The pattern you passed to @behavior(pattern=...) uses syntax outside the v0.7 Cypher subset. The parser refused it at behavior-registration time — long before any match runs — so the misconfiguration surfaces before the runtime starts firing behaviors.

The error message names which feature the parser refused (in the summary line) and the per-feature workaround (in the body). The two shapes are refused features (a recognized Cypher feature the subset deliberately excludes) and syntax errors (the pattern didn't parse at all).

Quick fix by kind

Refused feature

The error message's What failed: section names the feature (OR, OPTIONAL MATCH, variable-length path syntax (-[*]-), etc.), and the How to fix: section gives the specific workaround for that feature.

The general pattern: when the subset refuses a feature, the workaround is usually to register multiple behaviors instead of one clever pattern.

  • OR in WHERE → register two behaviors, one per branch.
  • OPTIONAL MATCH → register a second behavior whose pattern is the optional sub-pattern.
  • Variable-length paths → register N behaviors, one per length.
  • CREATE / MERGE / SET / DELETE / DETACH → patterns don't mutate; do the mutation in the behavior body.
  • RETURN / WITH / extra MATCH → patterns observe; compose pipelines as chained behaviors via emitted events.

The error message itself has the specific recipe for the feature you hit. The full set is in concepts/patterns.md.

Syntax error

The parser couldn't tokenize or parse the pattern. The error message's What failed: includes the offending token and its position, and How to fix: points at the documented grammar.

UnsupportedPatternError: pattern does not parse: unexpected character at position 17

What failed:
  While parsing the pattern: unexpected character at position 17.
    at: '@'

Common causes:

  • Missing relationship type. Use -[:type]->, not -[]->. Relationships always require an explicit type in the v0.7 subset.
  • Missing arrow direction. Use -[:type]-> or <-[:type]-; undirected relationships are refused.
  • Unbalanced brackets. (a:type {prop: value without a closing brace produces a parse error at the next token.
  • Reserved keyword as an identifier. The forbidden-keywords list is enforced at tokenization; using one as a variable name fires this error.

How to diagnose

If the error message's at: field doesn't make the cause obvious, print the pattern around the position:

import activegraph
pattern = "your pattern here"
try:
    from activegraph.runtime.patterns import parse
    parse(pattern)
except activegraph.UnsupportedPatternError as e:
    print(f"pattern: {pattern}")
    print(f"position: {e.at!r}")
    print(f"context: {e.context}")

e.at is the offending token; e.context carries the same information the error message body includes.

When does this fire

At behavior registration. The parser validates the pattern when @behavior(pattern=...) (or @llm_behavior(pattern=...)) runs at import time. Once a behavior is registered, its pattern is locked — the runtime never re-parses, so the error fires before the runtime loop ever starts.

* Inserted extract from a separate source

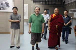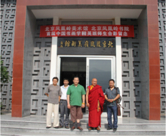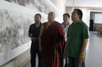 2012年6月8日下午,中国藏教唐卡大师洛桑三旦一行来北京凤凰岭美术馆参观交流。唐卡大师对北京凤凰岭书院师生作品以及由北京凤凰岭美术馆住馆工作室画家创作的《京沪高铁揽胜图》和《西电浩歌》两幅巨幅长卷给予了高度评价。洛桑大师表示,唐卡与中国书法绘画都是我们中华民族传统文化的重要组成部分,希望以后加强文化交流,相互学习相互促进,共同弘扬我们民族传统文化。北京凤凰岭美术馆常务副馆长、凤凰岭书院教务长韩国栋,凤凰岭美术馆理论研究部主任、《中国凤凰美术》执行总编褚哲轮,一起陪同嘉宾参观了展厅和美术馆。

This is a deliberate v0.7 choice (CONTRACT v0.7 #9): patterns are compiled once, at registration. A pattern that takes too long to parse, or that uses unsupported syntax, fails the developer's import rather than the production run.

Why the framework refuses

The subset is small on purpose. A fuzzy superset of Cypher would let patterns appear to match input they did not actually match. Two patterns differing only in a refused feature would silently produce different match sets at runtime, and the audit trail would not record which pattern actually matched what. The subset is the contract that makes pattern subscriptions trustworthy.

For the broader principle, see concepts/failure-model. For the locked subset and the rationale per feature, see concepts/patterns.

  • concepts/patterns — the canonical reference for what the subset supports and what it refuses, with workaround patterns per refusal.
  • concepts/failure-model — why the framework prefers "refuse loudly at registration" to "match fuzzily at runtime."